Thursday, March 4, 2010

Quilt National

Postcard image: "City" by Paula Kovarik
(click on the image to see the quilting stitches!)

The caption on the back of the postcard:
"Marking its 30th anniversary this biennial juried show and traveling exhibit has been called "the premier international showcase for contemporary quilts" by the Wall Street Journal. The works are rich with metaphors, stories and fresh, original interpretations of a traditional medium. The techniques used include all manner of fabric manipulation: printing, painting, embellishing, dying, and more.

Quilt National was intended to demonstrate the transformations taking place in the world of quilting. Its purpose was then, and still is, to carry the definition of quilting far beyond its traditional parameters and to promote quilt making as what it always has been --an art form."
--Visual Arts Center of Northwest Florida Panama City, Florida

My words:
There were no traditional quilts here! The exhibit was well done and the quilts were amazingly detailed and high quality. I was surprised, however, that the number of quilts shown was small,
(maybe 24? I didn't count) so I am not sure if this was a partial (traveling) exhibit, or if the number
of high quality quilts being submitted has decreased dramatically. When I first saw a Quilt National exhibit years ago, at the Dairy Barn in Athens, Ohio, there were hundreds of quilts, both traditional and contemporary. The majority of the 2009 quilts were machine-quilted, and the designs and technical expertise were phenomenal. No photographs of the quilts were allowed, so I am only showing the promotional postcard I picked up during my visit. This was contemporary painting with fabric and thread, and I am pleased to see that
quilting is alive and well in contemporary art. The colors, textures, and variety of treatments were stunning!

The exhibit continues through March 14, so time is short.
If you are in the area, it is worth a visit! For more info, visit


  1. Thanks for this post, Dianne. The traditional quilt and the art quilt are so much different, I'm not surprised that they are not shown at the same venues. However, like you, I was surprised that the number of quilts was small. I guess I'm also confused as to the definition of "Contemporary" quilt, too, and especially as opposed to "art" quilt.

    Although traditional quilt artists can, and often do, make very detailed quilts, lining seam up to endless seam, they all share one thing in common. They use a pattern to make their quilts.

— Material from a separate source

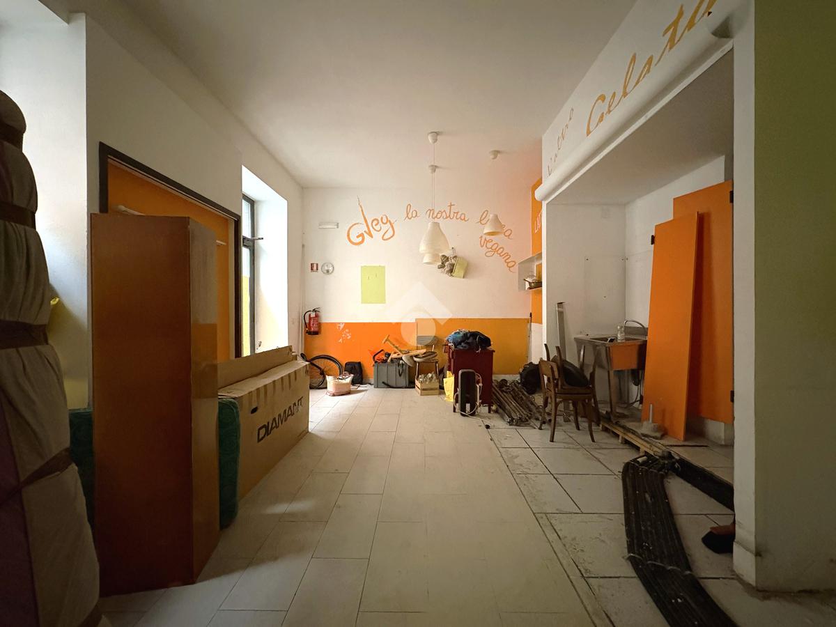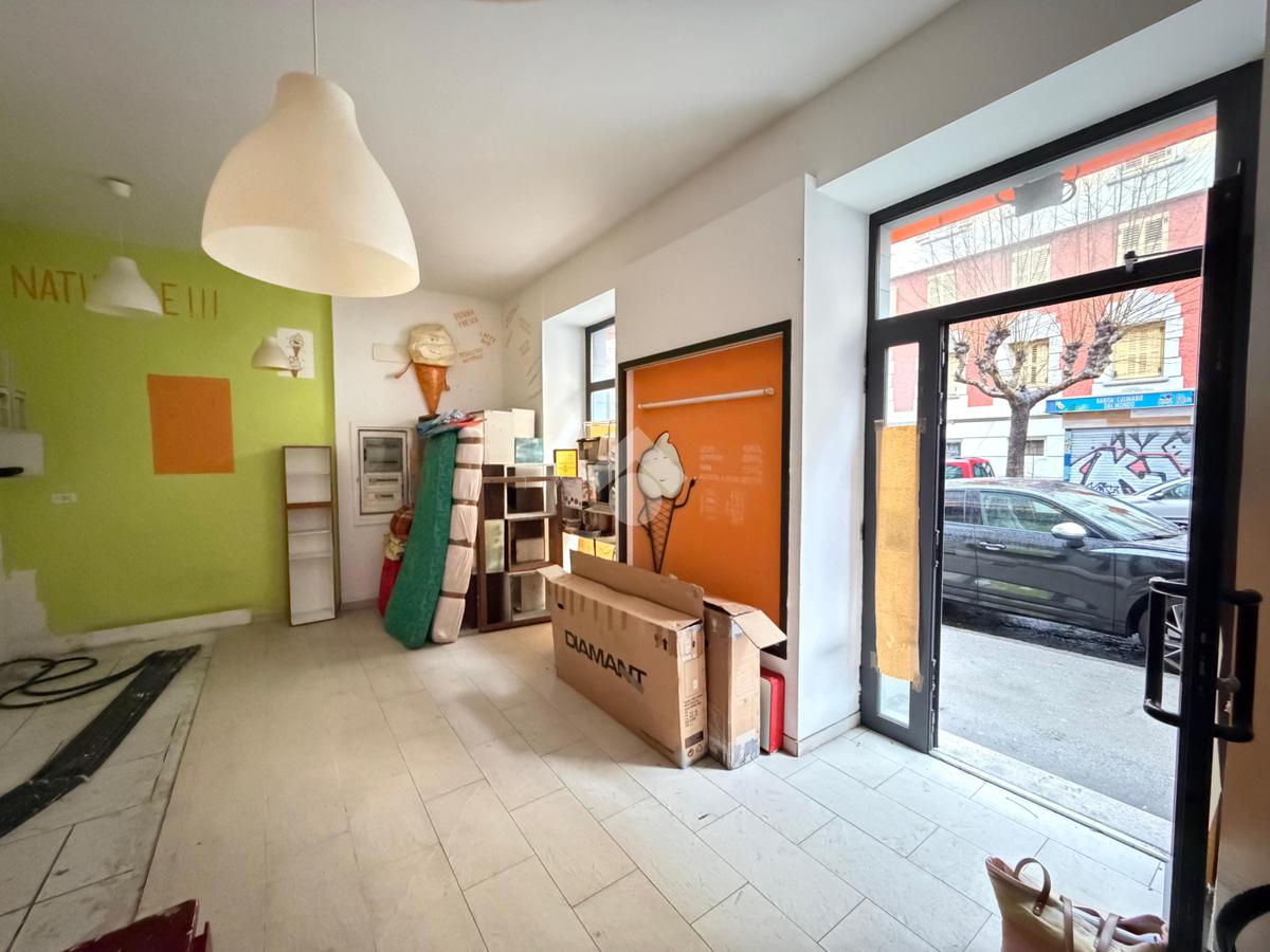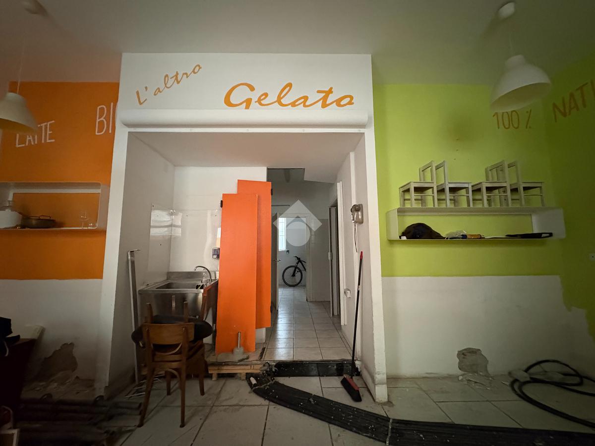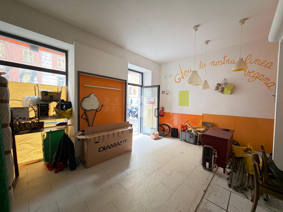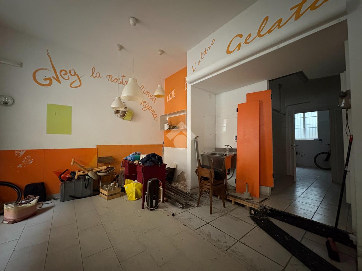Il locale commerciale si sviluppa su due spaziosi ambienti: un'area di vendita fronte strada con due vetrine ed un'area di laboratorio esposta sula corte interna e dotata di due finestre. Completano la proprietà due ripostigli ciechi, uno spogliatoio finestrato ed un wc finestrato.

    On the other hand, art quilts often don't use a commercial pattern, often are open, like modern art, to interpretation, often use free form stitching, and often are made using hand dyed fabrics, as well as unique embellishments and found objects.

    Thank you for showing the postcard and sharing your thoughts. I hope this inspires some traditional as well as contemporary quilters to explore this venue further when it comes to their town.